How about knee-jerk teen death songs including **Last Kiss ** originally by J. Frank Wilson and later redone by (what were they thinking???) Pearl Jam.

and including Teen Angel by Mark Dinning.

But the all-time paint-by-numbers-cynical-tug-on-your-heartstrings-complete-with-the-agony-of-star-crossed-lovers-from-different-social-classes, I give you the excreble

PATCHES by Dickey Lee,
in which our protagonist, no doubt a WASP of middle-class origin loves a girl from the Wrong Side of Town. He says they can’t meet anymore and - naturally - she kills herself.
“They said a girl name of Patches was found
Floating face down in that dirty old river
That flows through the coalyard in old Shantytown.”

Sooooooo, our hero in true teenage fashion, decides to off himself as well (that’ll show 'em!)

“It may not be right
But I’ll join you tonight.
Patches, I’m coming to you.”
Of course if you just can’t get enough of this kind of stuff, you can head for The official Dickey Lee Site. Don’t say you weren’t warned.

Oh, and trivia fans will remember that he tried to follow up with a thing called “Laurie” about a girl who turned out to be a … ghost!

Ok, Dear Mr. Jesus is definitely smarmy. However, the song that I cannot bear to hear is “You Can Dream of Me” in which the singer is talking to a girl…

“If you want someone to fill your waking hours,
with a love that is real, baby I’m still not free.
But if you think you could fall for a telephone call
and some flowers…
If you’re dreaming of someone, you can dream of me.”
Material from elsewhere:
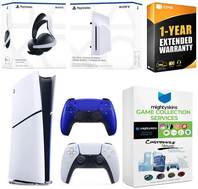 INCLUDED: Sony PlayStation 5 Digital, 2x Controllers, Disc Drive Attachment, Pulse Elite Wireless Headset (White), HDMI cable, AC power cord, MightySkins Game Collection Services and 1 Year CPS Extended Warranty
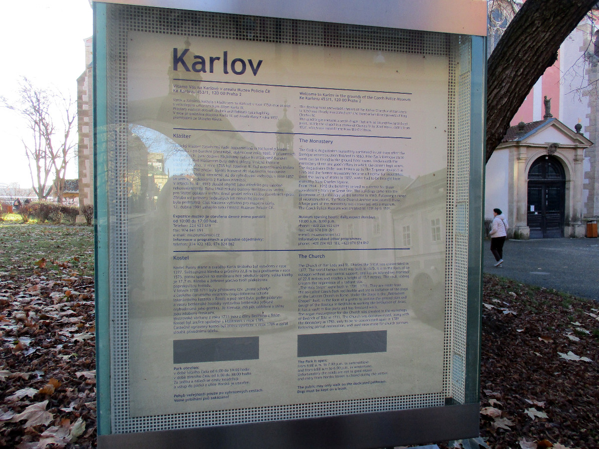 Z Karlova náměstí jsme se vydali kolem Muzea Antonína Dvořáka na Karlov. Bývalý klášter augustiniánů kanovníků v Praze na Karlově je původně gotický, barokně přestavěný. Jeho součástí je i Kostel Nanebevzetí Panny Marie a svatého Karla Velikého. Klášter založil Karel IV.

So basicly, this schmoe is telling a chick he’ll throw her a bone every now and then, but no steak dinner.

yuck.

This song really disturbs me. Especially that “I got to be good so I can see my baby when I leave this world” line. Like dying isn’t bad, if you can see your baby? That just seems creepily close to killing your child so he can with with Jesus.

Brandy (Brandy, you’re a fine girl/What a good wife you would be/But my wife, my lover, my lady/Is the sea) was unutterable crap the first time it was played and it is STILL unutterable crap THIRTY YEARS LATER!!!
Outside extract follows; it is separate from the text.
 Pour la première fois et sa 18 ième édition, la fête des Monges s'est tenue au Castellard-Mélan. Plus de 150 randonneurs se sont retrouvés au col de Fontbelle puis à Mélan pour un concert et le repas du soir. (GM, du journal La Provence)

All I Wanna Do is Make Love to You…

get pregnant, go back to my husband and raise your child without telling you…

by Heart. Ever heard of adoption, or artificial insemination? Of course not. A crappy song full of creepy people. Ughhhhh!

  <*sigh*>
           Well, *thank yew* very much for bringing that song up.
           Just when I had gotten all traces of that **AWFUL** song out of my head. I hated that song from the moment I first heard it.
           Come to think of it, the video to that song was just as bad if not worse; or maybe it was just having to watch them act out the meaning of the song, apparently done for the two people on earth too stupid to figure it out themselves!:rolleyes:

50+ posts into this topic and no one’s mentioned Dan Hill’s
godawful pair of hits, “Sometimes When We Touch” and
“Can’t We Try.” The last one gets bonus points for
featuring Ally McBeal’s Vonda Sheppard, who ranks just
below Celine Dion in the useless singers department.

“It was the third of June, another dark and dusty…”

“To all the girls I’ve loved before…”

“Who let the dogs out…”

“The sun’ll come out, tomorrow…”

“Grandma got run over by a reindeer…”

“…and Honey, I loved you, and I always will…”
Prior listening to the full version of any of the above could be used as a defense in a manslaughter trial.

Because we all need help getting rid of the smarminess now swamping our brains…

Find the Circle Jerks classic recording, “Jerks on 45”. It’s a punk rock medley of Afternoon Delight, Having My Baby, Love Will Keep Us Together, and other long (and mercifully) forgotten sacchirine nuggets. Finally, Muskrat Love as it was meant to be heard.

All By Myself. Ok, I’m not a big fan of the song to begin with. But at least with Eric Carmen, I really felt like he was sitting by himself, recording the song in an empty basement. Celine? I picture her getting her make up touched up, surrounded by publicists while she recorded the song. She didn’t sound lonely.

Actually, anything by Celine Dion, Mariah Carey, or any vocalist that sounds like she’s just trying to do vocal gymnastics is smarmy. Especially when they try to sing about loneliness. Ugh!

Sometimes When We Touch by Dan “The honesty’s too much” Hill! AUGH!! I hate that song. Blech! Thanks for the reminder.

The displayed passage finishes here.